Like what? B & B were the real damage inflictors
B&B didn't come to run the franchise until the mid-run of VOY. Let's not digress into yet another "discussion" of what those two did or didn't do to Trek. Here the OP was asking in regards to the early seasons, particularly one and two when Roddenberry had more direct input before he's health really started to decline.
Roddenberry, as has been documented in various Trek-related text and discussed here on these boards, was not a saint. By TNG, he fell into what I like to call "Ayn Rand Syndrome" where he grew to believe his own press and the accolades/worship that he got from Trekkies. He saw Trek not as a vehicle for good storytelling, but rather a platform for the so-called utopian vision that the media and fans stamped upon his creation. The early seasons, especially, smack of this philosophical soapbox.
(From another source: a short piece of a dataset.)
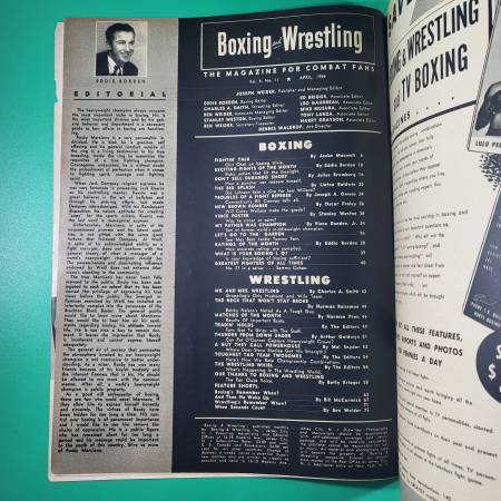 Boxing and Wrestling magazine, dated April 1954. Articles on or pictures of, Ezzard Charles, Danny Nardico, Rex Layne, Harold Johnson, Wes Echols, Bobo Olson, Yolande Pompey, Al Andrews, Ernie Durando, Jack Johnson, Louis Kid Kaplan, Coley Wallace, Aaron Wilson, Vince Foster, Rudy Goldstein, Joe Dundee, Max Baer, Tommy Farr, Sammy Cohen, Al and Ada Szasz, Bobby Nelson, Jack O'Reilly, Ella Waldek, Mildred Burke, John Henning, Roland Meeker, Wladek Kowalski, Pat O'Bill Melby, Billy Darnell, Lord Blears, Lord Layton, Pat Flanagan, Whipper Watson, Ray Eckert, Fred Atkins, Steve Stanlee, Robert Duranton, Tiny and Al Mills, Mike and Ben Sharpe, ads, and more. Great condition for its age.

His policy of "no conflict" hurt the characters and the series early on in that the TNG characters, with the exception of Data and Picard, felt like cyphers fulfilling a part rather than being distinct. Interchange any of them and the plot of the story doesn't change. Characters, and the audience, grow and learn through conflict and adversity. Piller tried to fix some of this, but the damage was done and the characters, for me, still felt like a function of plot rather than fully-developed people whose world-views and choices organically effect the plot. In other words, solutions came from tech rather than character. Unlike in TOS, where Kirk, Spock and McCoy's different outlooks allowed the plot to move and change because of who those people were. Those three, working together and occasionally disagreeing, allowed solutions to come from their choices rather than "reverse the polarity of the neutron flow."
Roddenberry, in the first season, allowed his lawyer to run amok which resulted in departure of David Gerrold and D.C. Fontana. Roddenberry, through his lawyer, didn't give Gerrold the proper credit for writing the TNG bible. Imagine if those two had stayed, we'd might have gotten better written science-fiction stories that didn't rely on technobabble as solution.
Speaking of which, Roddenberry in early statements stated that he didn't want to work with SF writers because he'd worked with them before on TOS and found that many of them couldn't write television or were difficult to work with. Instead, he surrounded himself with television writers like Maurice Hurley, who in interviews has always come across as a little too Hollywood, in the early seasons.
He also dictated that there be an A and B plot structure to TNG, but still kept the series relegated in 60s and 70s storytelling format whereas the one-hour drama had already become more sophisticated with shows such as
Hill Street Blues and
St. Elsewhere.
Roddenberry was a great visionary and I would've loved to have seen what Trek would've been like had he carried forward with the Trek 'verse from TMP, but he was a human. As such, he was fallible, as we all are, to his ego and his proclivities. The damage of his drug and alcohol use combined with his ailing health and his ego, did a lot more to hurt the first two seasons of TNG than not having seeing any NCOs.